Extracted entries
--------------------------------------------------

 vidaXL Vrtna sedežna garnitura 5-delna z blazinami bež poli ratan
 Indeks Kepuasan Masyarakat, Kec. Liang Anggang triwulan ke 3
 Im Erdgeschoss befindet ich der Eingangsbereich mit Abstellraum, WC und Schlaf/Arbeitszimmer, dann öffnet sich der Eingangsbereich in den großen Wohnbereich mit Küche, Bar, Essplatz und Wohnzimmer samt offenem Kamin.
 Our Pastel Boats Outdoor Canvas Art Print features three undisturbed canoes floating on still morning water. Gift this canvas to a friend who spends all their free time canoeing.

--------------------------------------------------

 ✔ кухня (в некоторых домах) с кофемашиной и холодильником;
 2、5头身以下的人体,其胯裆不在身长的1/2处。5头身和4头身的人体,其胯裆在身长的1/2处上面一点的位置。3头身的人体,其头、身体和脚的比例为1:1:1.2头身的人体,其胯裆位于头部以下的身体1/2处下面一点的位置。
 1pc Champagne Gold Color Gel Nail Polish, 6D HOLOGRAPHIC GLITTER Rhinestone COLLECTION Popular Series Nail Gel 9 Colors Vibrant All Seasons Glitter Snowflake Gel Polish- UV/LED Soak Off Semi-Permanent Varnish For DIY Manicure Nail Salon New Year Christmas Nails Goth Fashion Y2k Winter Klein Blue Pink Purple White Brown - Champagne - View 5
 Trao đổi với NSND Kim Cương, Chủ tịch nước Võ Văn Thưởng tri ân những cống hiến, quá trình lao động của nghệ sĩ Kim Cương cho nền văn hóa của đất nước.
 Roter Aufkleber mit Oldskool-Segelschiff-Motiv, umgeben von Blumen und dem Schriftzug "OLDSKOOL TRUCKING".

--------------------------------------------------

Task prompt
The answer is the run of lines above from the line containing "Trao đổi với" through the line containing "Roter Aufkleber mit", copied exactly and alone.

Your solution
 Trao đổi với NSND Kim Cương, Chủ tịch nước Võ Văn Thưởng tri ân những cống hiến, quá trình lao động của nghệ sĩ Kim Cương cho nền văn hóa của đất nước.
 Roter Aufkleber mit Oldskool-Segelschiff-Motiv, umgeben von Blumen und dem Schriftzug "OLDSKOOL TRUCKING".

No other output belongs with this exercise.